PROBLEM TO SOLVE: Start at the line that contains "2423 Otantik Desenli" in the listing below and extract every line through the last, exactly; leave pictures out.

---*---

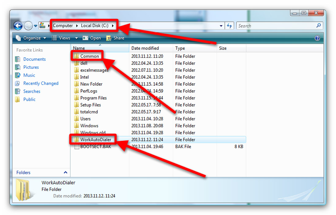 Step 3. Copy the "Common" folder and the "Examples\OPSAutoDialer" folder into the "C:\WorkAutoDialer" folder
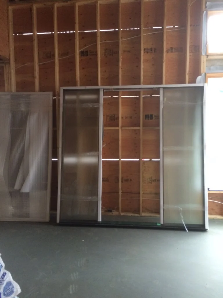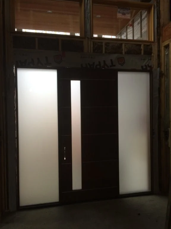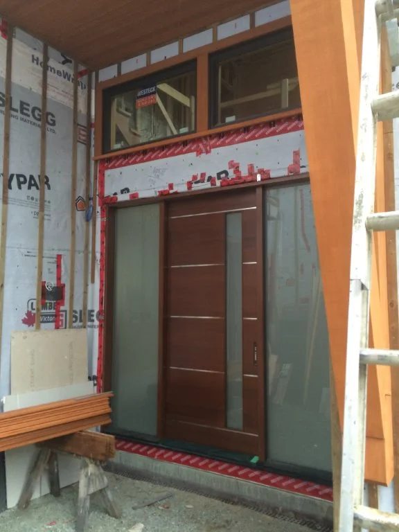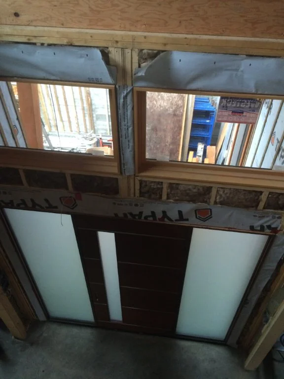 March 14: We are weather tight! The front door arrived, and was installed late last week. It has been months since I ordered the thing, and I was quite nervous to see the finished product. The door window panes look quite opaque in the pictures, but actually do have visibility through them at close range. I am really pleased with the door and installation!
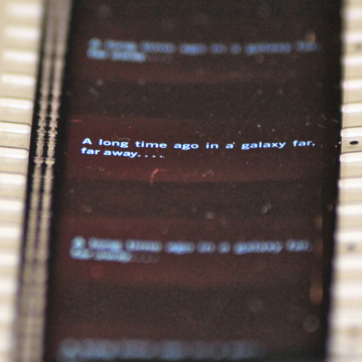 This display features vintage Luke Skywalker and Darth Vader, metal Death Star II sections pulled from the ILM model shop almost four decades ago, a piece of screen-used Jabba’s Sail Barge, Dune Sea sand, screen-used vaporator fragments, screen-used fabric and scrap from Tunisian sets that acted as locations for the desert planet Tatooine, Star Wars #1 trading card, and those famous opening words on 35mm film.
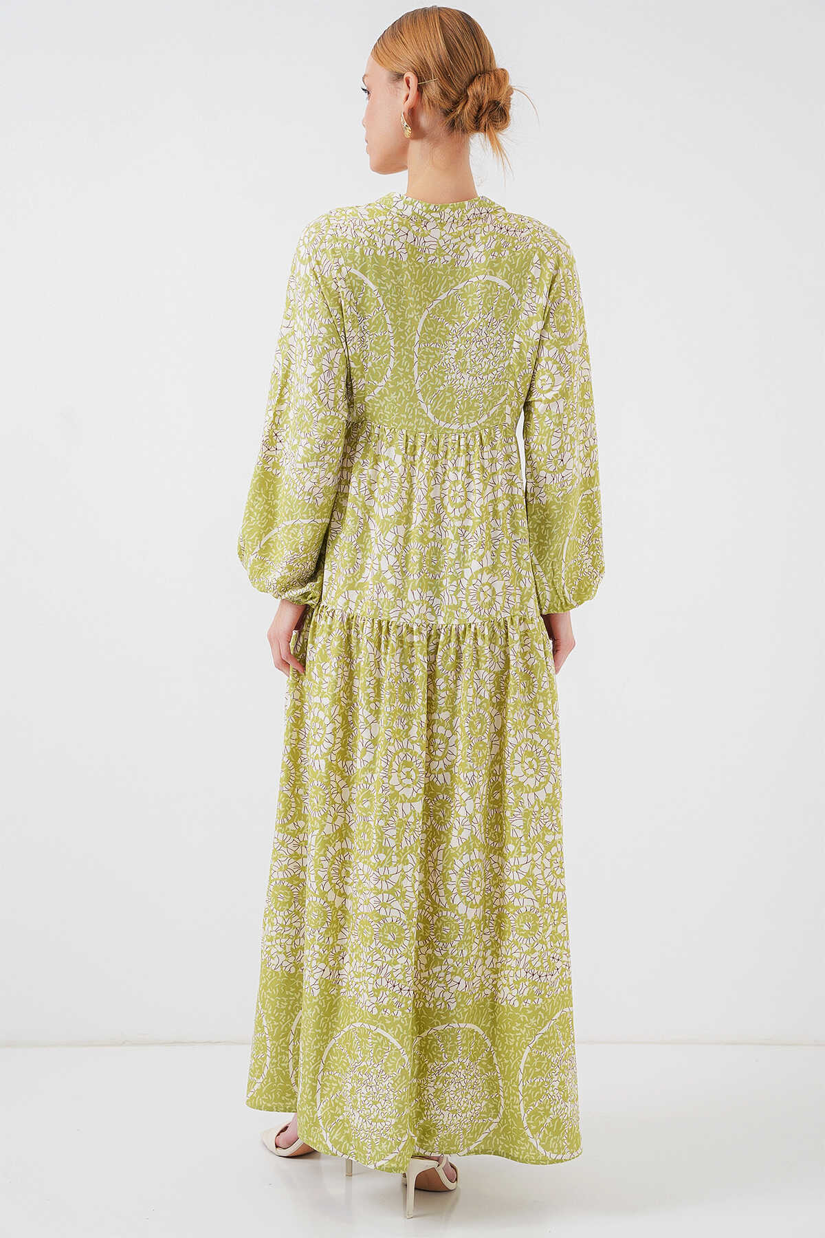 2423 Otantik Desenli Tesettür Elbise - Yeşil 8
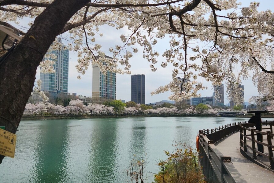 Seokchon Lake Park, divided into East and West sections, is a scenic lake surrounded by cherry trees, walking paths, and seasonal art installations. It’s one of Seoul’s most popular springtime spots during cherry blossom season.
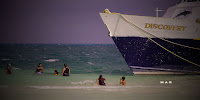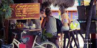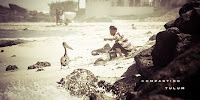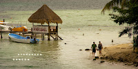 Dos vendedores ambulantes intercambian saludos en una playa de Puerto Morelos, la comunidad que destaca por su ascendente potencial turístico y que se ubica a tan sólo 18 kilómetros de Cancún.

---*---

SOLVED EXERCISE:
 2423 Otantik Desenli Tesettür Elbise - Yeşil 8
 Seokchon Lake Park, divided into East and West sections, is a scenic lake surrounded by cherry trees, walking paths, and seasonal art installations. It’s one of Seoul’s most popular springtime spots during cherry blossom season.
 Dos vendedores ambulantes intercambian saludos en una playa de Puerto Morelos, la comunidad que destaca por su ascendente potencial turístico y que se ubica a tan sólo 18 kilómetros de Cancún.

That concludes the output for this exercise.